In particular, "frequent changes within the MMDA leadership (five chairmen in five years) further impacted procurement and disbursements."
"The sum of these challenges set project implementation back by roughly two years," the World Bank said, despite some progress since 2022 when the economy reopened post-pandemic and after the two lenders pushed an action plan to speed it up.
In adjusting the loan terms, project rollout shall also be extended by two additional years, missing the earlier goal to finish this flood control this year so that targeted areas would be free of water within 24 hours after a major rainfall.

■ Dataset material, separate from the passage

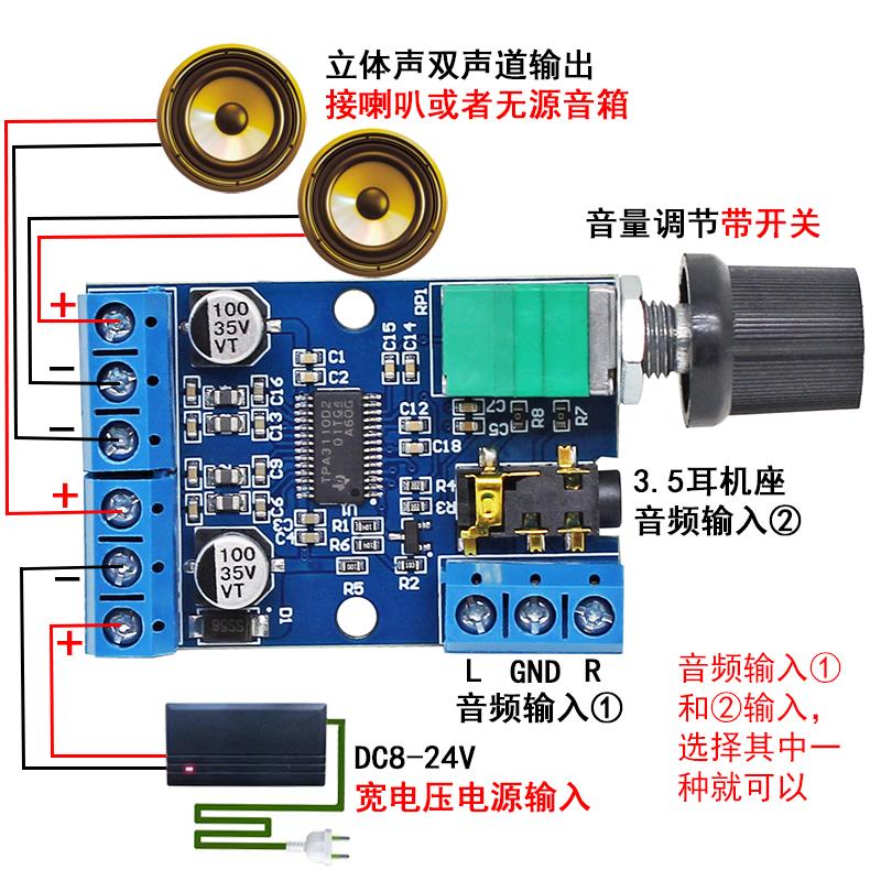 30Wx2大功率立体声数字功放板12V24V供电DIY小音箱制作模块AP3015

If only the World Bank and AIIB-backed project had been finished on time, the flooding wrought by recent strong typhoons to many parts of Metro Manila could have been mitigated, if not totally avoided.
It did not help that the restructuring plan would downscale the project to "retain only those activities crucial to the attainment of [its] development objective" of improving flood management, the World Bank document said.
Last week, the think tanks Capital Economics and Deutsche Bank Research pointed to sluggish infrastructure build-up and corruption as deterrents to the Philippines reaching its full economic growth potential.
Despite slow implementation, the government continues to pursue more official development assistance (ODA) — cheap loans and grants from development lenders such as the World Bank, the AIIB and the Manila-based Asian Development Bank (ADB), as well as bilateral lenders like Japan -- for its priority programs and projects, especially infrastructure.
For instance, a $496-million loan to fund the bulk of the forthcoming $509.2-million Health System Resilience Project of the Department of Health (DOH) is expected to be approved by the World Bank on Dec. 20 of this year.
Based on the World Bank's pipeline, it would lend a total of more than $3.6-billion worth to the Philippines during its 2025 fiscal year covering the period July 1, 2024 to June 30, 2025, across eight projects.
The other upcoming loans from the World Bank included the $750-million Second Digital Transformation Development Policy Loan (DPL); $700-million Pagkilos - Locally-Led Climate Action; $600-million First Energy Transition and Climate Resilience DPL; $455-million Mindanao Transport Connectivity Improvement Project; $287.2-million Digital Infrastructure Project; $250-million Water Supply and Sanitation Project; and $67.3-million Civil Service Modernization Project.
The Ministry of Agriculture, Fisheries and Agrarian Reform (MAFAR) of the Bangsamoro Autonomous Region in Muslim Mindanao (BARMM) is also awaiting the approval of a $4-million investment project financing for its Roads to Development project under the Bangsamoro Normalization Trust Fund (BNTF).
Once the World Bank gives its go-ahead for this borrowing spearheaded by the national government's Department of Finance (DOF) this month of October, the BARMM regional leadership will improve rural road access in the six selected Moro Islamic Liberation Front (MILF) camp communities in five Mindanao provinces, with the ultimate goal of connecting farms to markets.